--- COLLECTED DATA ---
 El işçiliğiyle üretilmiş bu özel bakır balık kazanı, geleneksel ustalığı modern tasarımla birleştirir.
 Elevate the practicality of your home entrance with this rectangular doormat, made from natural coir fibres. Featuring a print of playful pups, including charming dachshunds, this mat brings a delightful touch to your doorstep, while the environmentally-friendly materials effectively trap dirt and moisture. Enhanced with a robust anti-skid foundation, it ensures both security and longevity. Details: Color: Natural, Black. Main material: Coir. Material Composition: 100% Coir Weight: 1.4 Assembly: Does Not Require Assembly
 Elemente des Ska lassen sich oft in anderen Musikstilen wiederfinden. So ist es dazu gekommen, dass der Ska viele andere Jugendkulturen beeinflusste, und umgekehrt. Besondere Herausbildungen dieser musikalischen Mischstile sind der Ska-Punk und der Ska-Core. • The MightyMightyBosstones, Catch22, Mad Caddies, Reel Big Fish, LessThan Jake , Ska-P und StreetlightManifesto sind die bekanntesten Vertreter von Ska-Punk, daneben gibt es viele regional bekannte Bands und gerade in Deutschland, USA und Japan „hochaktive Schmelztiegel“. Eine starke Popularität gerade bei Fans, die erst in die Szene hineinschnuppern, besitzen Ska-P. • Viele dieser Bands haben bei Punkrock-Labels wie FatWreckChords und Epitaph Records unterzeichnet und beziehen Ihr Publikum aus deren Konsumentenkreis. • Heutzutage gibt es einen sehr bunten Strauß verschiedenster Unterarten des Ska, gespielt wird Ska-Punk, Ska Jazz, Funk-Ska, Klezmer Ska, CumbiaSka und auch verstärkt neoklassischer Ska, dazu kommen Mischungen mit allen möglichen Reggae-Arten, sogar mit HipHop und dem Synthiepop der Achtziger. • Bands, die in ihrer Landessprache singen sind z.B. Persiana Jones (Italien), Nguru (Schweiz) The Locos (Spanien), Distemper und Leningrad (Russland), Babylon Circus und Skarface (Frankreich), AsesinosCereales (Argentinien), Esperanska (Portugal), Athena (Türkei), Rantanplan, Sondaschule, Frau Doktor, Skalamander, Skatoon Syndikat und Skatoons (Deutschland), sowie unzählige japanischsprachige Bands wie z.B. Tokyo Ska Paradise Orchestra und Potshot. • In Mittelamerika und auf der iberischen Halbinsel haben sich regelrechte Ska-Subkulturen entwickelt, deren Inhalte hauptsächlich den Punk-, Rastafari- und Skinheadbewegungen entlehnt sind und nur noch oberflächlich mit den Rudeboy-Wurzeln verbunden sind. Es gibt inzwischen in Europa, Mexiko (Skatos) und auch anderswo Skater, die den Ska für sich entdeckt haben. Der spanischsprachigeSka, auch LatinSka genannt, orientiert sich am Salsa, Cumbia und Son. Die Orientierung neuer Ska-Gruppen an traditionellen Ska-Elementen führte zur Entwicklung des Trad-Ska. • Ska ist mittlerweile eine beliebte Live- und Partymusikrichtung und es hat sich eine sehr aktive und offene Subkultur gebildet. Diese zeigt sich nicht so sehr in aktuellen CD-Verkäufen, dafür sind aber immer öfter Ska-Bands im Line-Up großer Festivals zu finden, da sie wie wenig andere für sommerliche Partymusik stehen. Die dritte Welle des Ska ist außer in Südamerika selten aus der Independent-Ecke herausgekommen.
---
• **TO DO**:
Each line above must be retyped exactly in the response.

• **COMPLETED EXERCISE**:
 El işçiliğiyle üretilmiş bu özel bakır balık kazanı, geleneksel ustalığı modern tasarımla birleştirir.
 Elevate the practicality of your home entrance with this rectangular doormat, made from natural coir fibres. Featuring a print of playful pups, including charming dachshunds, this mat brings a delightful touch to your doorstep, while the environmentally-friendly materials effectively trap dirt and moisture. Enhanced with a robust anti-skid foundation, it ensures both security and longevity. Details: Color: Natural, Black. Main material: Coir. Material Composition: 100% Coir Weight: 1.4 Assembly: Does Not Require Assembly
 Elemente des Ska lassen sich oft in anderen Musikstilen wiederfinden. So ist es dazu gekommen, dass der Ska viele andere Jugendkulturen beeinflusste, und umgekehrt. Besondere Herausbildungen dieser musikalischen Mischstile sind der Ska-Punk und der Ska-Core. • The MightyMightyBosstones, Catch22, Mad Caddies, Reel Big Fish, LessThan Jake , Ska-P und StreetlightManifesto sind die bekanntesten Vertreter von Ska-Punk, daneben gibt es viele regional bekannte Bands und gerade in Deutschland, USA und Japan „hochaktive Schmelztiegel“. Eine starke Popularität gerade bei Fans, die erst in die Szene hineinschnuppern, besitzen Ska-P. • Viele dieser Bands haben bei Punkrock-Labels wie FatWreckChords und Epitaph Records unterzeichnet und beziehen Ihr Publikum aus deren Konsumentenkreis. • Heutzutage gibt es einen sehr bunten Strauß verschiedenster Unterarten des Ska, gespielt wird Ska-Punk, Ska Jazz, Funk-Ska, Klezmer Ska, CumbiaSka und auch verstärkt neoklassischer Ska, dazu kommen Mischungen mit allen möglichen Reggae-Arten, sogar mit HipHop und dem Synthiepop der Achtziger. • Bands, die in ihrer Landessprache singen sind z.B. Persiana Jones (Italien), Nguru (Schweiz) The Locos (Spanien), Distemper und Leningrad (Russland), Babylon Circus und Skarface (Frankreich), AsesinosCereales (Argentinien), Esperanska (Portugal), Athena (Türkei), Rantanplan, Sondaschule, Frau Doktor, Skalamander, Skatoon Syndikat und Skatoons (Deutschland), sowie unzählige japanischsprachige Bands wie z.B. Tokyo Ska Paradise Orchestra und Potshot. • In Mittelamerika und auf der iberischen Halbinsel haben sich regelrechte Ska-Subkulturen entwickelt, deren Inhalte hauptsächlich den Punk-, Rastafari- und Skinheadbewegungen entlehnt sind und nur noch oberflächlich mit den Rudeboy-Wurzeln verbunden sind. Es gibt inzwischen in Europa, Mexiko (Skatos) und auch anderswo Skater, die den Ska für sich entdeckt haben. Der spanischsprachigeSka, auch LatinSka genannt, orientiert sich am Salsa, Cumbia und Son. Die Orientierung neuer Ska-Gruppen an traditionellen Ska-Elementen führte zur Entwicklung des Trad-Ska. • Ska ist mittlerweile eine beliebte Live- und Partymusikrichtung und es hat sich eine sehr aktive und offene Subkultur gebildet. Diese zeigt sich nicht so sehr in aktuellen CD-Verkäufen, dafür sind aber immer öfter Ska-Bands im Line-Up großer Festivals zu finden, da sie wie wenig andere für sommerliche Partymusik stehen. Die dritte Welle des Ska ist außer in Südamerika selten aus der Independent-Ecke herausgekommen.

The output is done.